Metric	Thomas Write Rule	MVCC
Write-write conflicts	Ignored (no abort)	No conflict (new version)
Read-write conflicts	May still abort	No blocking
Storage overhead	None	Multiple versions stored
Garbage collection	Not needed	Required
Implementation complexity	Low	High

When to Choose Each:

Thomas Write Rule: Simpler systems, write-heavy workloads, limited storage
MVCC: Complex systems, mixed workloads, read-heavy, need for snapshot isolation

Summary: Performance Improvement

We've comprehensively analyzed the performance improvements provided by the Thomas Write Rule. Let's consolidate the key takeaways:

Key Takeaways

•Transaction aborts are expensive — They waste CPU, I/O, and increase latency.
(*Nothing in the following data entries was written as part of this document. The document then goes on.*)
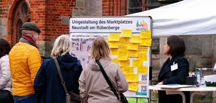 Nachdem Besucher des Goldenen Sonntags am 20. Oktober bereits erste Wünsche zur zukünftigen Gestaltung des Marktplatzes geäußert haben, bietet die Stadtverwaltung nun eine weitere Möglichkeit zur Beteiligung: Bis Mitte Dezember können Vorschläge über einen Online-Fragebogen unter www.neustadt-a-rbge.de/innenstadtsanierung abgegeben werden.
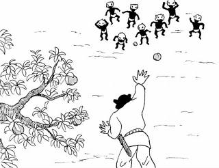 | 古事記「絵で見る解説文」 L(絵のみ) ―― L挿絵の説明 ―― 男神(伊邪那岐の神)は雷神と千五百人の黄泉の国の兵隊に追われ、やっとのことで死者の国の出入り口である黄泉比良坂のふもとにたどりつきました。 そこには一本の桃の木が生えています。 男神(伊邪那岐の神)は、思わずその実を幾つかもぐと、追っ手に向かって投げつけました。すると、雷神たちはおそれをなしてちりぢりに逃げてしまいました。 *解説 時代考証からするとこの時代に白桃は日本になく、あったのはもっと小さな山桃の一種だったようです。 こうした故事から、桃は神道殊に本教にとってとても大事なものとなっています。 本教は、御教祖のご先祖である饒速日命(皇室のご先祖邇邇芸命の兄)から物部氏の時代を通じ教えを伝えられた神道ですが、その神術の一つに御神宝(かんだから)があります。 本教の教師になれば、十種の神宝を御神宝として戴かれますが、これは桃の枝から出来ています。 十種の神宝は、古くから巫部家に御神宝として伝えられてきたものです。 |
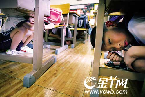 小學(xué)生演練防震屢屢“笑場” 練三遍才認真(圖)
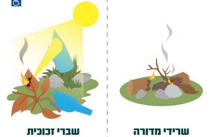 לפניכם שתי תמונות. בתמונה הראשונה ישנם לפחות ארבעה גורמים העלולים לגרום לפריצת שריפה ביער, ובתמונה השנייה ישנם לפחות ארבעה גורמים שעוזרים לעצור את השריפה. מצאו אותם
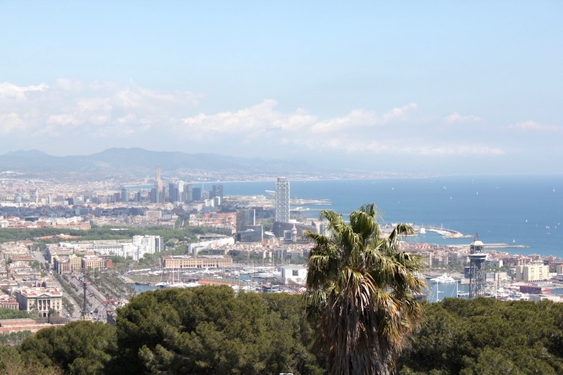 Z jednej strony port i morze, a także lądujące samoloty na lotnisko El Prat, po przeciwnej stronie La Barceloneta i plażowicze a następnie roztacza się niesamowity widok na całą Barcelonę – od Sagrada Familia poprzez Barri Gothic, Tibidado po stadion Camp Nou.

Any reduction in aborts has multiplicative benefits.
•Abort reduction scales with write conflicts — Write-heavy workloads with hot data items see the largest improvements (30-50% abort reduction).
•Throughput improvement compounds — Less abort overhead means more resources for productive transactions, improving overall throughput.
•Overhead is negligible — Write buffer and extra timestamp comparison add microseconds; avoided aborts save milliseconds.
•Improvement scales with load — Higher concurrency means more conflicts, which means more opportunities for the rule to help.
•Not a universal solution — Read-heavy workloads see minimal benefit; the rule only helps write-write conflicts.

What's Next:

In the final page of this module, we'll examine the correctness of the Thomas Write Rule in rigorous detail. We'll prove that ignoring obsolete writes maintains view serializability, examine edge cases that could threaten correctness, and discuss the relationship between the rule and database consistency guarantees.

Page Complete

You now understand the quantitative performance benefits of the Thomas Write Rule, the workload factors that influence its effectiveness, and how to reason about abort reduction and throughput improvement. This knowledge enables informed decisions about when and how to apply timestamp-based concurrency control.